Ed gives him a look. Al’s excessively color-coded spreadsheet, packed to bursting with formulas and some mystical thing called a ‘pivot table’, was the first fallen domino that eventually necessitated this conversation. “Yeah, we do.”
“We need some money,” Al says, setting his jaw, “but we could both just get normal part-time jobs at a normal place—like food service. Then we could get tips. The cupcake shop—”
“I will kill a customer,” Ed says. “It is an inevitable fact. In no universe is two shares of part-time minimum wage gonna pay that bail, Al. Besides, you shouldn’t be working like that. You need to study.”
Al scowls at him. “Well—well, I’ll get another scholarship. I’m willing to bet that there’s one out there for hardships involving one’s brother being an absolute idiot.”
“Hang on,” Winry says, tapping on her phone screen and then taking a half-step forward. “Hold that expression, Ed. You look like you know something.”

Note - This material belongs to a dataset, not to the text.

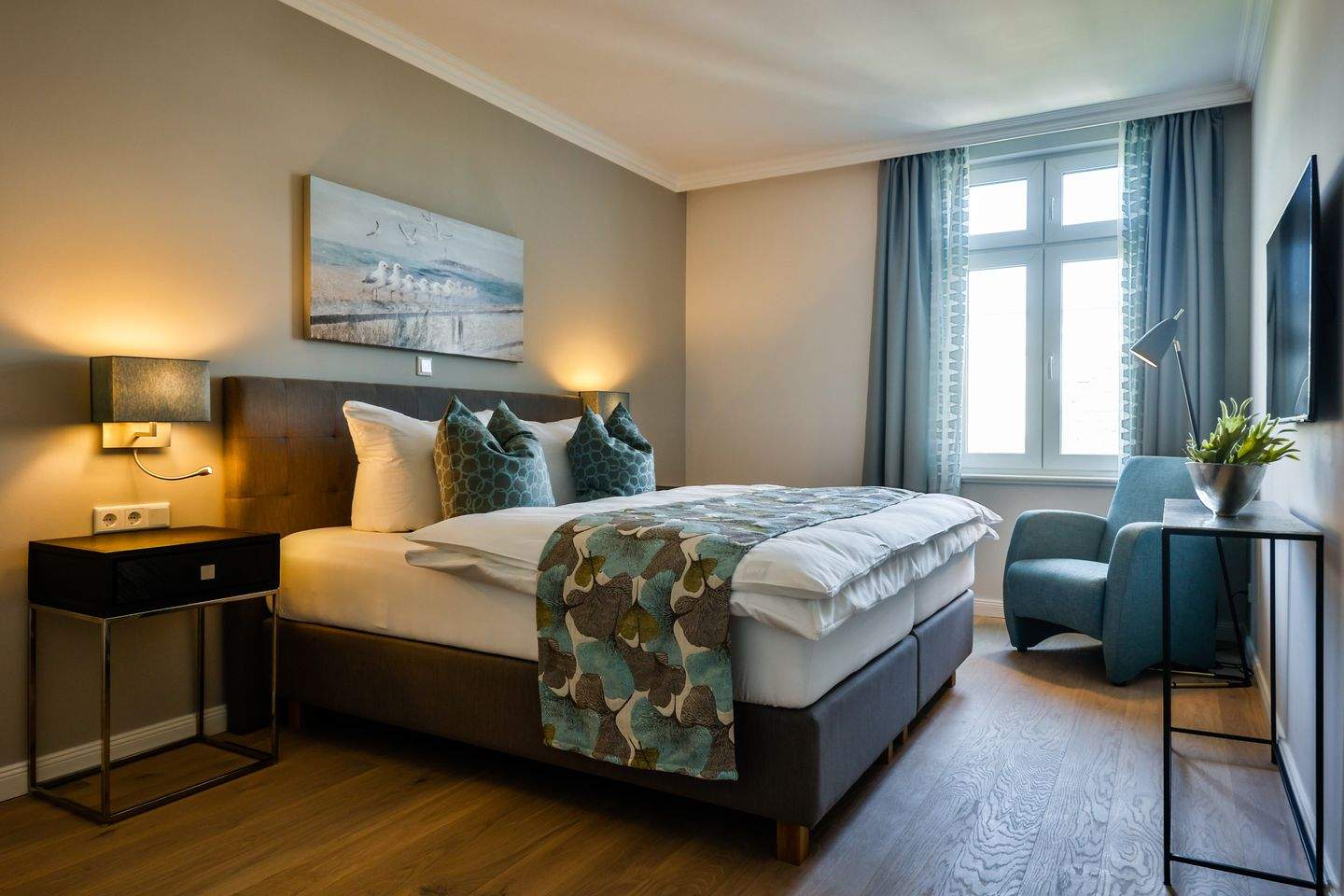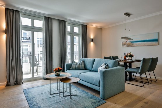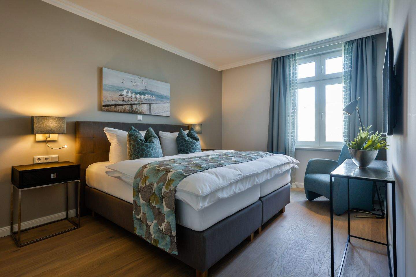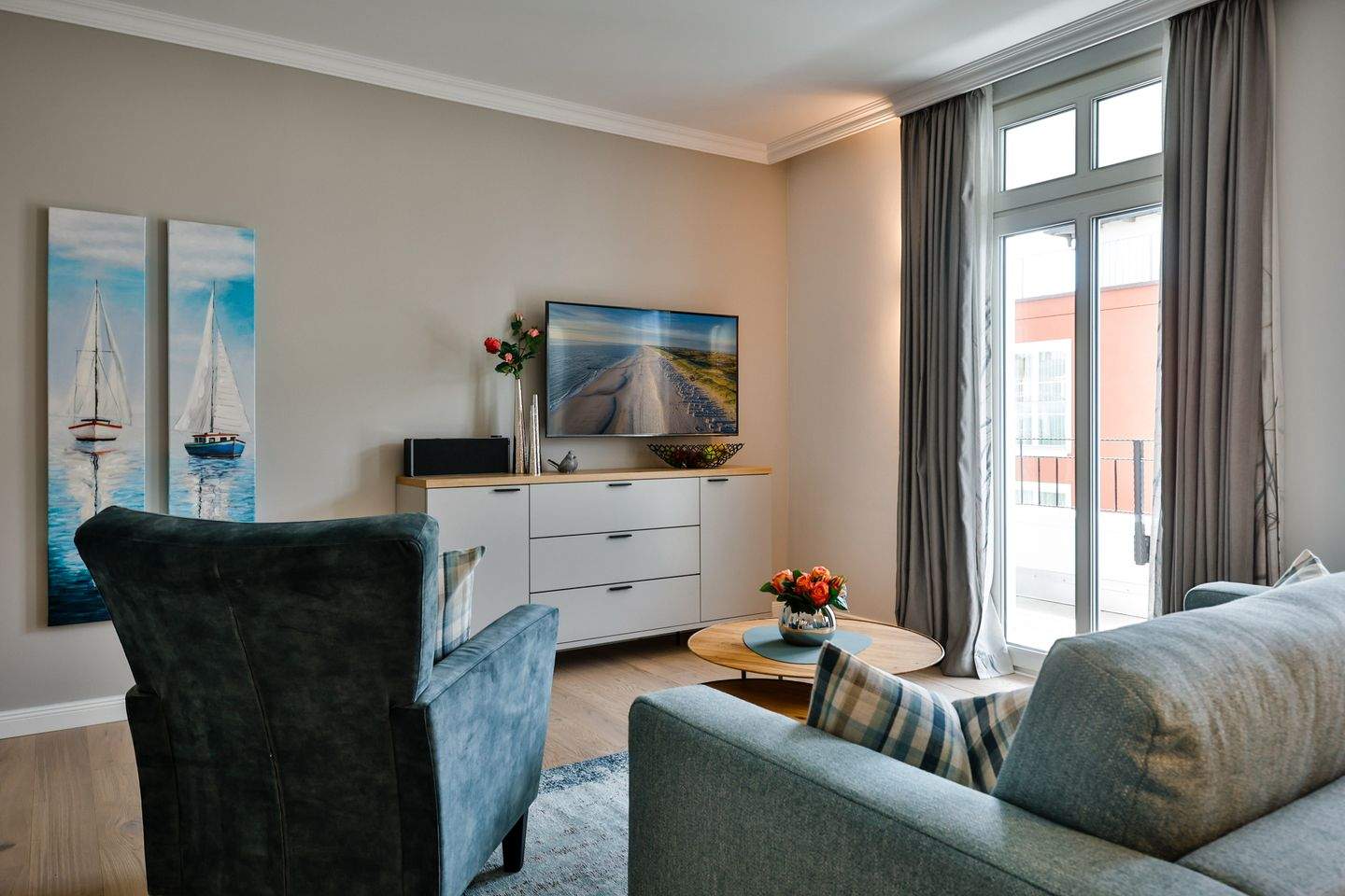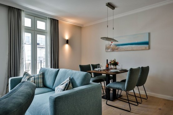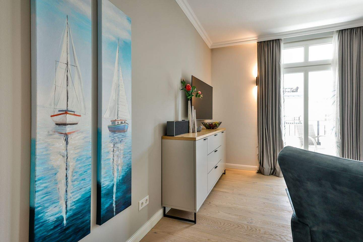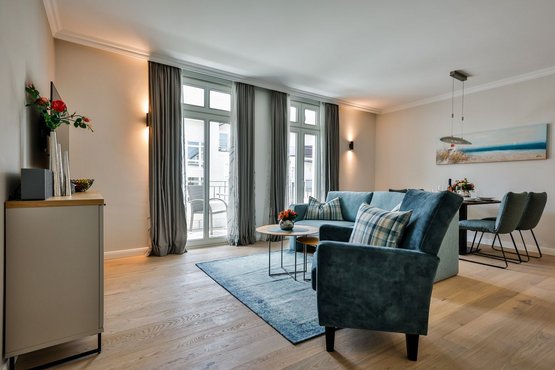 Moderne 2-Zimmer Ferienwohnung im 2. OG im Logierhaus Jonna mit 69 m² für 3 Personen (auf Anfrage 2 Erwachsene und 2 Kinder) in zentraler und trotzdem ruhiger Lage in Westerland, nur ca. 50 m von der Einkaufsmeile Friedrichstraße und ca. 200 m von der Strandpromenade entfernt.

Ouch. Ed tries not to move his face. She may be diabolical, but she’s his only guide through this perilous wilderness, and he doesn’t want to go it alone.
Inexplicably, she hasn’t turned off the camera shutter sound on her phone. “Perfect,” she says, and she drops onto the couch next to Ed where he was sprawled in what she promised was a seductive-looking way, draped across their prettiest blanket and wearing nothing but his tightest and lowest-cut pair of black jeans. Which chafe. A lot. “Hey, lighten up, Al. We’re just exhausting all of our available options here so that you don’t have to survive on unseasoned ramen noodles.”
“They don’t come unseasoned,” Al says, sniffily. “The little packets—”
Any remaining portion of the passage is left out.